The first is that one of the reasons why you might be closing the
transaction is if there's not enough space left in the journal. But
if we you going to a large number of data allocations at commit time,
there's no guaratee that there will be space in the journal for all of
the metadata blocks that might have to be modified in order to make
the block allocations.

The second problem with this scheme is a performance problem; while
you are doing handling delayed allocation blocks, you have to do this
while the journal is still locked, using magic handles that are
allowed to be created while the journal is locked. That adds all
sorts of complexity, and that seems to what you are thinking about
doing. The problem though is that while this is going on, all other
file system activity has to be blocked. So this will cause all sorts
of processes to become suspended waiting for the all of the allocation
activity to complete, which may require bitmap allocation blocks to be
read into disk, etc.

The trade off for all of these problems is that it allows you to delay
the block allocation for only 5 seconds. The question is, is this
worth it, compared with simply mounting the file system with
nodelalloc? It may be all of this complexity doesn't produce enough
of a performance gain over simply using nodelalloc.

So maybe the solution for certain distributions that are catering to
the "inexperienced user" / "users who like to use unstable video
drivers" market is to mount with nodelalloc by default, and tell them
that if they want the performance improvements of delayed allocation,
they need to lobby to get the applications fixed.
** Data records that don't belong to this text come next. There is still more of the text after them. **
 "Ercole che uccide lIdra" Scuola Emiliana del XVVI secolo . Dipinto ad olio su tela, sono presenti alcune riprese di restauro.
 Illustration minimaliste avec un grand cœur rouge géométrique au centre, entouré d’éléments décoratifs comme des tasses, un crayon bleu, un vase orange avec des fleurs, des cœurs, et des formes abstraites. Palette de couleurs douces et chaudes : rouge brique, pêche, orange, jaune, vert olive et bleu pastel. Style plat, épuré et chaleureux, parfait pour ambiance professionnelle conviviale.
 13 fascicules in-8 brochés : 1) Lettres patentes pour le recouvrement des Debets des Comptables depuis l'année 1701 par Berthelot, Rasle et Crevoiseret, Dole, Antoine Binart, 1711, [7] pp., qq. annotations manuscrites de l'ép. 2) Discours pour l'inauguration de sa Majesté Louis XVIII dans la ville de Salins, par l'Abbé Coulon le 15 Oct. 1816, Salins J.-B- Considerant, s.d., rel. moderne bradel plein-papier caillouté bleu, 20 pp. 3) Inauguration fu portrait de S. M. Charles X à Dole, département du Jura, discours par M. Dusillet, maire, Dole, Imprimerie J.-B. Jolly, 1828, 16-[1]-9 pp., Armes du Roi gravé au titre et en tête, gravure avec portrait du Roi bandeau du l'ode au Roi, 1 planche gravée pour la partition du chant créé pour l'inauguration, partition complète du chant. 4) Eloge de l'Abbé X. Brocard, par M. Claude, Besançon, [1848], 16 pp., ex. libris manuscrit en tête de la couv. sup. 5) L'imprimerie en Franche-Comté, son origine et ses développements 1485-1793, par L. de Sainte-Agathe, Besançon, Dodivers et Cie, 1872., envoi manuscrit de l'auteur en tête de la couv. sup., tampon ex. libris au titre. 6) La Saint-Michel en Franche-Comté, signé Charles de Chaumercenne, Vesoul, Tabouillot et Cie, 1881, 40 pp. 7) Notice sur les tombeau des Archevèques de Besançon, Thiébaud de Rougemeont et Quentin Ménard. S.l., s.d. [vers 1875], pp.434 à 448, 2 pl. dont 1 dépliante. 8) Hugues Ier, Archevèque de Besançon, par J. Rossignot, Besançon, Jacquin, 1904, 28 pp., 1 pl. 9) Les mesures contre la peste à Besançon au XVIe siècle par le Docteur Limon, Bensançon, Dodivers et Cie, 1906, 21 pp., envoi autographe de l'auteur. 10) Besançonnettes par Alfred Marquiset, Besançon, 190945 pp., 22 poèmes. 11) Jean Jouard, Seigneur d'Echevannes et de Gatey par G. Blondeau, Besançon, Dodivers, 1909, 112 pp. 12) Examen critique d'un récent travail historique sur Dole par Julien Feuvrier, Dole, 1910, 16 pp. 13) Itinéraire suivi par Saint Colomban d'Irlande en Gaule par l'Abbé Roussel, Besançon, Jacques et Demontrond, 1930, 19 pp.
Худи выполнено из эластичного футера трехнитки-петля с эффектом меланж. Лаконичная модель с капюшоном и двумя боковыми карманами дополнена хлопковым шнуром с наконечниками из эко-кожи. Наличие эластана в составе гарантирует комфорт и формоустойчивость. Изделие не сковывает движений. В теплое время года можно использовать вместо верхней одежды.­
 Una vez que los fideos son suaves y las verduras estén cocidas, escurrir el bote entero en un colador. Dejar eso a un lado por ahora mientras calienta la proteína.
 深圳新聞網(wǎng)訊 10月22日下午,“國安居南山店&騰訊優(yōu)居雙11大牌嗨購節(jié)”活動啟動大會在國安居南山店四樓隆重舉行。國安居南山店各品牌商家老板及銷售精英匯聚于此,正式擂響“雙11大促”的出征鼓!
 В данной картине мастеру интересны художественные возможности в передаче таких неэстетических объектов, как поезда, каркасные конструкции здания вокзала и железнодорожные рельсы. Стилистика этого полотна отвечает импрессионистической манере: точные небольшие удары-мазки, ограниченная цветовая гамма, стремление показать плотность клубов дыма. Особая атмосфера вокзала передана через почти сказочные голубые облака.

(After all, these problems are going to be around no matter whether
people use XFS or btrfs; most modern file systems are going to use
delayed allocation, so sooner or later the broken applications really
need to get fixed. The defiant user's cry, "well, if you don't fix
this I'll switch to xfs/btrfs!" isn't going to help in this case....)

- Ted


2010-02-12 03:22:15

by Kailas Joshi

[permalink] [raw]
Subject: Re: Help on Implementation of EXT3 type Ordered Mode in EXT4

On 12 February 2010 01:26, <[email protected]> wrote:
> I've mostly given up on trying to get alloc_on_commit work, for two
> reasons.
>
> The first is that one of the reasons why you might be closing the
> transaction is if there's not enough space left in the journal. ?But
> if we you going to a large number of data allocations at commit time,
> there's no guaratee that there will be space in the journal for all of
> the metadata blocks that might have to be modified in order to make
> the block allocations.
Won't this get fixed by performing early reservations as mentioned in
my scheme? We are reserving required credits in the path of write
system call and these will be kept reserved until transaction commit.
So, the journal space for allocation at commit will be guaranteed.

>
> The second problem with this scheme is a performance problem; while
> you are doing handling delayed allocation blocks, you have to do this
> while the journal is still locked, using magic handles that are
> allowed to be created while the journal is locked. ?That adds all
> sorts of complexity, and that seems to what you are thinking about
> doing. ?The problem though is that while this is going on, all other
> file system activity has to be blocked. ?So this will cause all sorts
> of processes to become suspended waiting for the all of the allocation
> activity to complete, which may require bitmap allocation blocks to be
> read into disk, etc.
Sorry, I didn't understand why processes need to be suspended.
In my scheme, I am issuing magic handle only after locking the current
transaction. AFAIK after the transaction is locked, it can receive the
block journaling requests for already created handles(in our case, for
already reserved journal space), and the new concurrent requests for
journal_start() will go to the new current transaction. Since, the
credits for locked transaction are fixed (by means of early
reservations) we can know whether journal has enough space for the new
journal_start(). So, as long as journal has enough space available,
new processes need now be stalled.

Please correct me if this is wrong.


> The trade off for all of these problems is that it allows you to delay
> the block allocation for only 5 seconds. ?The question is, is this
> worth it, compared with simply mounting the file system with
> nodelalloc? ?It may be all of this complexity doesn't produce enough
> of a performance gain over simply using nodelalloc.
I agree. The performance gain might not be good enough compared to
'nodelalloc'. However, our goal is providing data consistency
equivalent to Journal mode at low cost. So, we are interested in
comparing performance of alloc_on_commit (and our technique) with
performance of Journal mode.

Thanks & Regards,
Kailas

2010-02-12 20:07:29

by Theodore Ts'o

[permalink] [raw]
Subject: Re: Help on Implementation of EXT3 type Ordered Mode in EXT4

On Fri, Feb 12, 2010 at 08:52:15AM +0530, Kailas Joshi wrote:
> Won't this get fixed by performing early reservations as mentioned in
> my scheme? We are reserving required credits in the path of write
> system call and these will be kept reserved until transaction commit.
> So, the journal space for allocation at commit will be guaranteed.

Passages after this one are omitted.